The index expresses the performance of a country on a scale from 0 to 1 with 1 being the “ideal” development stage. In 2020, the global average was around 0.7 on this scale. In 1990, the Republic of the Philippines still found itself far below this average with an index value of 0.595. Since then it has been climbing the scale rapidly, catching up to former “First World countries”. In 1993 it reached the 0.6 value, the “good” 0.7 average in 2015, doing slightly better in 2019 with a 0.718 score. There are a few sub-criteria on which the Philippines score extremely well (i.e. gender development index), but the positives are dragged down by the scores in other categories. One of those is the income per capita (income per household) criterion or more precisely, the income disparity thereof.


Although the income disparity has lessened a tiny bit for the Philippines between 2015 and 2018, a closer look at the numbers from the Philippine Statistics Authority will tell you millions of sad stories. The average annual income per Philippine household* in 2018 was 6,272.55 USD, or 1,254.51 per capita. [Average annual income per capita USA in December 2019: 33,140.80 USD]. While the average income has increased since 2015, so have food and utility prices. The poverty threshold for a Filipino in 2018 stood at a yearly income of 504.10 USD per capita. From the same survey can be derived that in 2018 16.60 % of all Filipinos live in absolute poverty (22 % in 2015), while more than half of them are barely able to feed themselves. Bottom line of the survey: one in five Filipinos is struggling to survive, while 9 million Filipinos live in perpetual starvation. Need more salt for the wounds? The Philippines is the country within South East Asia with the largest homeless population: more than 4.50 million. Almost 3 million of them try to scratch a living in the streets of Metro Manila, right under the nose of one of the richest organization in the Philippines: the Roman Catholic Archdiocese of Manila. And while the average yearly income of a Filipino in 2018 stood at 62,600 PHP, the average annual revenue per Catholic priest in the Philippines stands at a vastly underestimated 2,500,000 PHP. But in all fairness, what clergy man could possibly survive in the Philippines with a measly 50,100 USD per year? Unlike the average working Filipino, they have expenses.


Filthy rich... literally


The Catholic Church in the Philippines is consistently breaking the Philippine law. It does so in full knowledge thereof and in all intent. In line with the apostle Paul, it encourages people to follow the laws of their countries, to be good law abiding citizens and to give to Caesar what is Caesar’s. But when it comes to practicing what they preach, they don’t give a goddamn about the Philippine laws or the Philippine people. The Catholic Church’s utter contempt for the Filipinos is easy to demonstrate.
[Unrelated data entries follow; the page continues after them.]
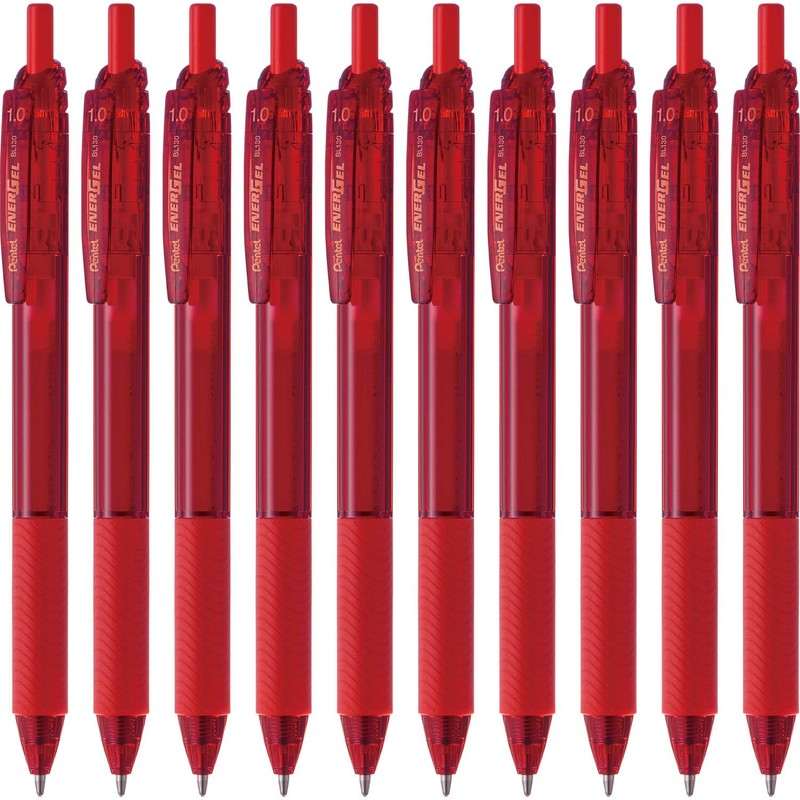 Pentel EnerGel S BL130-B Gel Ink Ballpoint Pen, Tip Diameter: 0.04 inches (1 mm), Color: Red, Count: 10
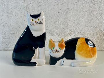 Vendo coppia di formelle smaltate dipinte a mano a forma di gatto.
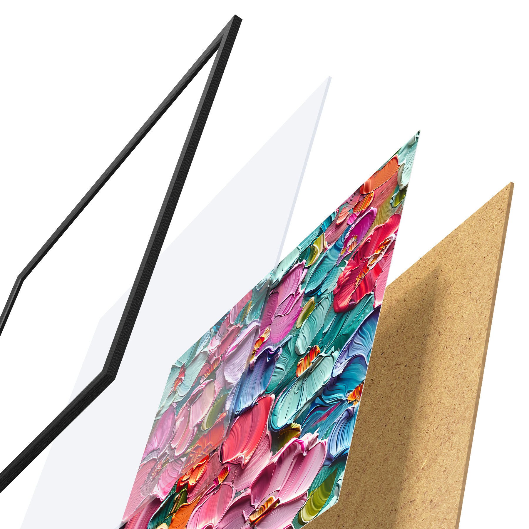De poster bestaat uit een frame, plexiglas, geprinte afbeelding en spaanplaat achterkant. De poster kan meteen aan de muur worden gehangen dankzij de bevestigingen op de achterkant.
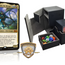 Ihr erhaltet eine Premium Deck Box und Kartenhüllen (100x Card Sleeves) in matt inkl. 2x D20 Würfel (Lebenspunktezähler)

On July 04, 2019 the Securities and Exchange Commission issued an invitation to comment on the guidelines concerning money laundering and terrorist financing that all non-stock and non-profit organizations have to follow in order to comply with the Philippine Revised Corporation Code of the Philippines (RA. 11232). Most of those guidelines are nothing new and what’s more: easy to obey: 5.2.3. Financial accountability and transparency – The board of trustees approves an annual budget and follows a process to monitor the use of funds. The board of trustees also mandates that its NPO keep adequate and complete financial records of income, expenses, and financial transactions throughout its operations, including with respect to the use of its funds. NPOs clearly state program goals when collecting funds, and ensure that funds are applied as intended and consistent with the purpose of the organization. Information about the activities of the NPOs shall be made publicly available.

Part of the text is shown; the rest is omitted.